* [Task data]:

== Segment start ==

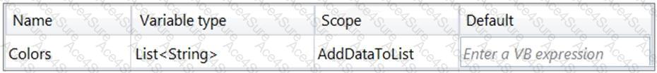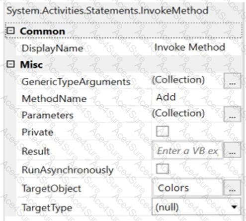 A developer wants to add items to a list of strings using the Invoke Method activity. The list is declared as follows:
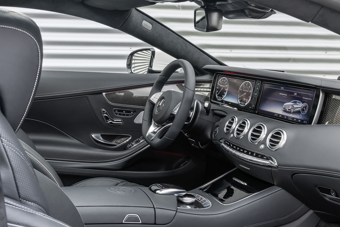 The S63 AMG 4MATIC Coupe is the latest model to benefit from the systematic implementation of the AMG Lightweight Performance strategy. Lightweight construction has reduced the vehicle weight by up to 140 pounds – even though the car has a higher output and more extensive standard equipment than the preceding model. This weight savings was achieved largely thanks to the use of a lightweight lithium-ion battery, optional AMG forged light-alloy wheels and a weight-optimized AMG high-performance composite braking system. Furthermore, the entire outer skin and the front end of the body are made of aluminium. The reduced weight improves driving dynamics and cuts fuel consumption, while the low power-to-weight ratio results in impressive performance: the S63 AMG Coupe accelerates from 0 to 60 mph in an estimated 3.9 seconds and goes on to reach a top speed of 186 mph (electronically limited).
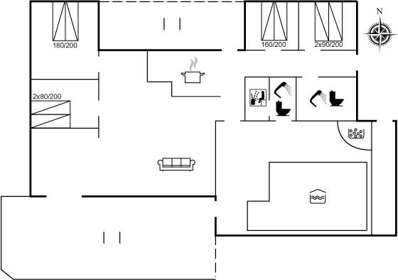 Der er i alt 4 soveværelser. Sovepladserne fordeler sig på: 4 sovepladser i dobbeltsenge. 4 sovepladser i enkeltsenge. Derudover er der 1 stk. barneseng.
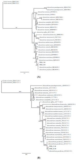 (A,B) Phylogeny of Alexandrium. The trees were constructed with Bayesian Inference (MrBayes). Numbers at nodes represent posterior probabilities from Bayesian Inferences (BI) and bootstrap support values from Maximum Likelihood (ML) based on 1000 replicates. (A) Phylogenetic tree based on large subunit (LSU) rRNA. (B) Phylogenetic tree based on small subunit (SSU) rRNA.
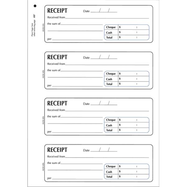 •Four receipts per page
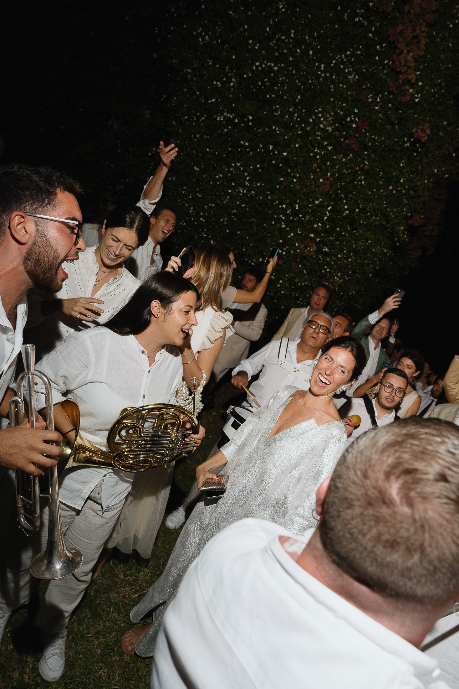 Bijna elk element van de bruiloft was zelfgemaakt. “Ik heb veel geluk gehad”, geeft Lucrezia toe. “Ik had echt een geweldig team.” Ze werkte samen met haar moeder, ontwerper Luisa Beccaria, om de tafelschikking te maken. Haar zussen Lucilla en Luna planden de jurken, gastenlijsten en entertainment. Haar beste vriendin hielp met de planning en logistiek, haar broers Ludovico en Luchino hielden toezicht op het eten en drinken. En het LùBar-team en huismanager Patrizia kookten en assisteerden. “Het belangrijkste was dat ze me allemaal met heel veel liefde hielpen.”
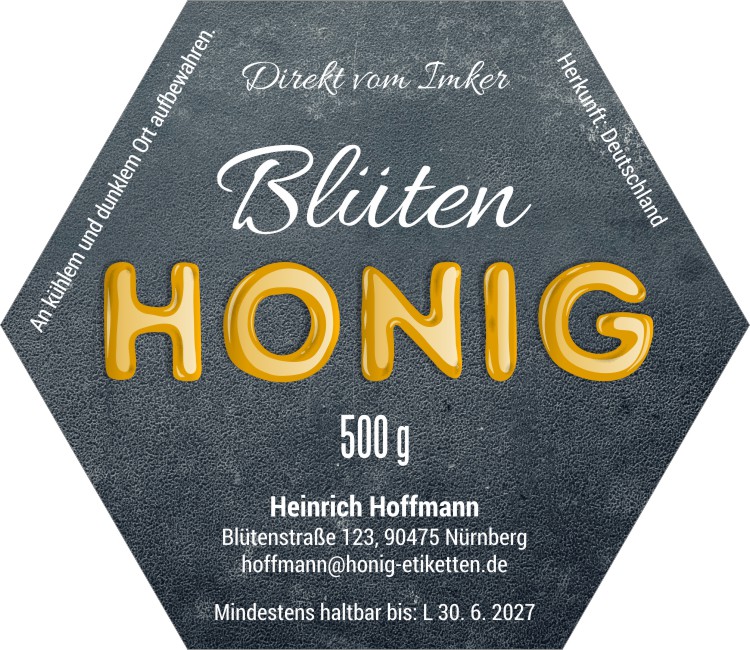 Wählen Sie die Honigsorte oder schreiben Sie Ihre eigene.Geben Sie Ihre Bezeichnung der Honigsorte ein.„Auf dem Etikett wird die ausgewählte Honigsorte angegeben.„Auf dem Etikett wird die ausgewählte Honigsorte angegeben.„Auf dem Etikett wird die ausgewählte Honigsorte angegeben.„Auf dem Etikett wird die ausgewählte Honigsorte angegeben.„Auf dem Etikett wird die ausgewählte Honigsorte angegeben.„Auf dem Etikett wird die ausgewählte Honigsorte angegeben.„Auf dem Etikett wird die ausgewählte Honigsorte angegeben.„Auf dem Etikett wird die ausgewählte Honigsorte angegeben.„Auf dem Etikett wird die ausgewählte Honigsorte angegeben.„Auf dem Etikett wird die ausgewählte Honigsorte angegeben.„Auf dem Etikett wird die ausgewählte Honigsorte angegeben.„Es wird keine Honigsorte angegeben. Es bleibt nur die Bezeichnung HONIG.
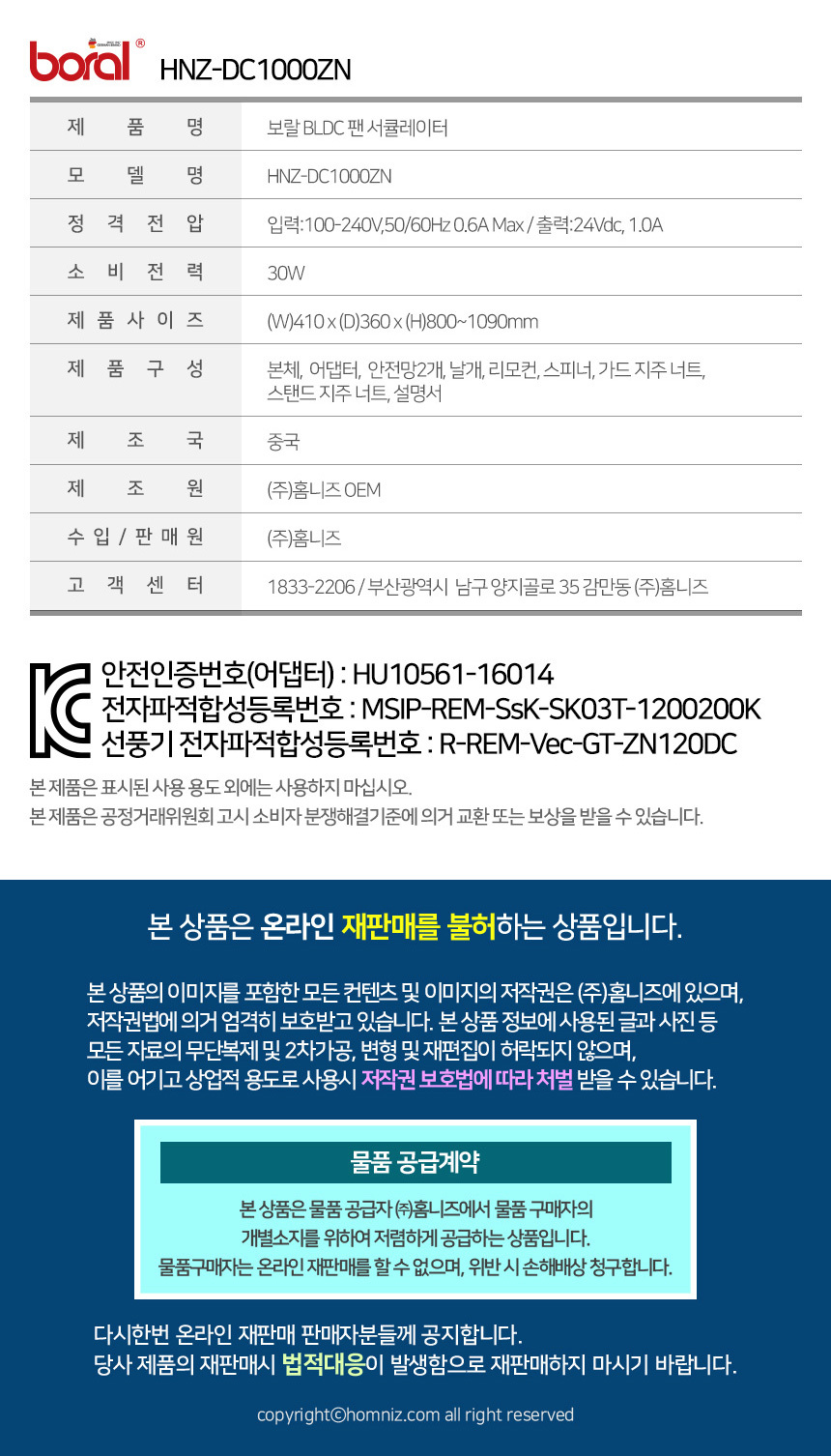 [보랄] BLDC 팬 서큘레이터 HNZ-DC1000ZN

== Segment end ==

* [What you should do]: Your answer must restate the entries word for word and contain no pictures.

* [Answer for the task]:
 A developer wants to add items to a list of strings using the Invoke Method activity. The list is declared as follows:
 The S63 AMG 4MATIC Coupe is the latest model to benefit from the systematic implementation of the AMG Lightweight Performance strategy. Lightweight construction has reduced the vehicle weight by up to 140 pounds – even though the car has a higher output and more extensive standard equipment than the preceding model. This weight savings was achieved largely thanks to the use of a lightweight lithium-ion battery, optional AMG forged light-alloy wheels and a weight-optimized AMG high-performance composite braking system. Furthermore, the entire outer skin and the front end of the body are made of aluminium. The reduced weight improves driving dynamics and cuts fuel consumption, while the low power-to-weight ratio results in impressive performance: the S63 AMG Coupe accelerates from 0 to 60 mph in an estimated 3.9 seconds and goes on to reach a top speed of 186 mph (electronically limited).
 Der er i alt 4 soveværelser. Sovepladserne fordeler sig på: 4 sovepladser i dobbeltsenge. 4 sovepladser i enkeltsenge. Derudover er der 1 stk. barneseng.
 (A,B) Phylogeny of Alexandrium. The trees were constructed with Bayesian Inference (MrBayes). Numbers at nodes represent posterior probabilities from Bayesian Inferences (BI) and bootstrap support values from Maximum Likelihood (ML) based on 1000 replicates. (A) Phylogenetic tree based on large subunit (LSU) rRNA. (B) Phylogenetic tree based on small subunit (SSU) rRNA.
 •Four receipts per page
 Bijna elk element van de bruiloft was zelfgemaakt. “Ik heb veel geluk gehad”, geeft Lucrezia toe. “Ik had echt een geweldig team.” Ze werkte samen met haar moeder, ontwerper Luisa Beccaria, om de tafelschikking te maken. Haar zussen Lucilla en Luna planden de jurken, gastenlijsten en entertainment. Haar beste vriendin hielp met de planning en logistiek, haar broers Ludovico en Luchino hielden toezicht op het eten en drinken. En het LùBar-team en huismanager Patrizia kookten en assisteerden. “Het belangrijkste was dat ze me allemaal met heel veel liefde hielpen.”
 Wählen Sie die Honigsorte oder schreiben Sie Ihre eigene.Geben Sie Ihre Bezeichnung der Honigsorte ein.„Auf dem Etikett wird die ausgewählte Honigsorte angegeben.„Auf dem Etikett wird die ausgewählte Honigsorte angegeben.„Auf dem Etikett wird die ausgewählte Honigsorte angegeben.„Auf dem Etikett wird die ausgewählte Honigsorte angegeben.„Auf dem Etikett wird die ausgewählte Honigsorte angegeben.„Auf dem Etikett wird die ausgewählte Honigsorte angegeben.„Auf dem Etikett wird die ausgewählte Honigsorte angegeben.„Auf dem Etikett wird die ausgewählte Honigsorte angegeben.„Auf dem Etikett wird die ausgewählte Honigsorte angegeben.„Auf dem Etikett wird die ausgewählte Honigsorte angegeben.„Auf dem Etikett wird die ausgewählte Honigsorte angegeben.„Es wird keine Honigsorte angegeben. Es bleibt nur die Bezeichnung HONIG.
 [보랄] BLDC 팬 서큘레이터 HNZ-DC1000ZN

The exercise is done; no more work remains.